I strongly recommend "Beyond the Einstein Addition Law and its Gyroscopic Thomas Precession - The Theory of Gyrogroups and Gyrovector Spaces" by Abraham A. Ungar

This book gives a beautiful hyperbolic geometrical perspective on the mathematics of spacetimes in terms of gyrogroups and gyrovectors. The book explains things like commutativity, associativity, triangle inequality and angle cosines between rays in 3 dimensions. Not just a math book but almost art IMHO.

See formula (1.46) in the book for the general velocity addition and the workout.

Last edited: Nov 15, 2008
8. Nov 15, 2008

### Fredrik

Staff Emeritus
Thank you.
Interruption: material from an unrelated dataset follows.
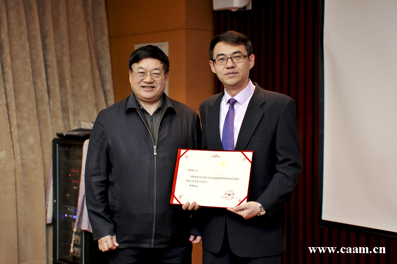 国家中医药管理局科技司邱岳处长为刘保延颁发联盟理事长聘书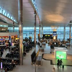 I had my pre-paid breakfast and was on the National Express bus to Heathrow by 7.45am. We got caught in the inevitable rush-hour traffic on the M25, made worse by an accident caused by torrential rain, but we still arrived in plenty of time. I had already checked in online for my flight, so it was just a matter of dropping off my bag and clearing security. My carry-on bag attracted the attention of the customs guys, who confiscated my bag strap because it had metal inside it, and they felt it could be used as a weapon! That's a new one - it's the same strap we took to Africa and South America! They did suggest that I could go back and check my bag in, but I politely refused 😊.

I was able to use the "look inside this book" feature at amazon.com to find 1.46. When I have removed the annoying factors of c, it looks like this:

$$\frac{1}{1+\vec u\cdot\vec v} \Bigg(\vec u+\frac{1}{\gamma_{\vec u}} \vec v + \frac{\gamma_{\vec u}}{1+\gamma_{\vec u}}(\vec u\cdot\vec v)\vec u\Bigg)$$

9. Nov 17, 2008

### Fredrik

Staff Emeritus
I clicked around in that book some more, and I found that the addition law can also be expressed as

$$\vec u\oplus\vec v=\frac{1}{1+\vec u\cdot\vec v}\Bigg(\vec u+\vec v+\frac{\gamma_{\vec u}}{1+\gamma_{\vec u}}\vec u\times(\vec u\times\vec v)\Bigg)$$

I didn't see anything that suggests that the book actually derives this rule. It seems that it just uses it as an example of what they want to define as a "gyrogroup".

10. Nov 17, 2008

### MeJennifer

That is correct.

Also the addition of non parallel velocity vectors in flat spacetime causes Thomas precession which is defined in the book as a Thomas gyration.

Also it is interesting to note that the addition of non parallel velocity vectors in flat spacetime is a nonassociative operation. So u + v is not equal to v + u.

Again, a beautiful book!